メンデルスゾーン クラリネットとバセットホルンのための演奏会用小品 作品113, 114
クラシック音楽と料理と言えば真っ先に思い浮かぶのはロッシーニ。彼の名にちなんだフランス料理「○○のロッシーニ風」という、トリュフやフォアグラを使った料理は有名だ。彼は料理をするのも食べるのも大好きだったそうだが、料理好きな音楽家の話はよく耳にする。有名な日本の指揮者、朝比奈隆もそうで、遠征したらそこの料理を一つ覚えてきたり、よく手料理を振る舞ったりしていたそうだ。やはり音楽家はクリエイティブな行為が好きで、だから料理も好きになるのだろうか。現代ではSNSのおかげで、料理の腕前や美食三昧を披露する音楽家の日常も目にするようになった。
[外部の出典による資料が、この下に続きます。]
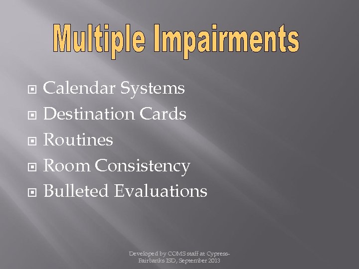 Calendar Systems Destination Cards Routines Room Consistency Bulleted Evaluations Developed by COMS staff at Cypress. Fairbanks ISD, September 2013

さて、先日、カメラータRCO名義の“Sweet Dumplings & Cheese Strudel”というアルバムを聴いた。コンセルトヘボウ管のメンバーによる室内楽で、モーツァルトのクラリネット五重奏曲などを収録したもの。アルバムのタイトルが面白くて、ざっくり訳すと「甘いお団子とチーズケーキ」という感じ。シュトルーデルはケーキじゃないとか、そういうツッコミはおいといて、ともかく、なんか変わったタイトルだなあと思っていた。演奏はヘイン・ヴィーダイクのクラリネットが美しい、素晴らしい演奏。2013年録音。↓のリンクです。
Sweet Dumplings & Cheese Strudel: Mozart – Mendelssohn
Camerata RCO
だらだら聴いた後にふとBookletを読んでみたら、このアルバムのタイトルは、CDに併録されているメンデルスゾーンの「クラリネットとバセットホルンのための演奏会用小品(op.113,とop.114)」に関係するものだったと判明し、びっくり。この2つのお菓子は、メンデルスゾーンが同作品を贈った、当時最も優れたクラリネット奏者として有名だったハインリヒ・ヨーゼフ・ベールマン(1784-1847)と、その息子で同じく名手であったカール(1810-1885)の好物だそうだ。
ベールマン(父)は当時の多くの作曲家と交流を持ち、作品を贈られたり初演したりしていたのだが、メンデルスゾーンとも親しかった。1832年12月、ベールマン父子はロシアまで行く演奏旅行の途中でベルリンに滞在し、その際にメンデルスゾーンは、スイート・ダンプリングスとチーズ・シュトゥルーデルを家で作って欲しいとお願いした。ベールマンはその報酬として、クラリネットとバセットホルン、ピアノ伴奏による作品を要求。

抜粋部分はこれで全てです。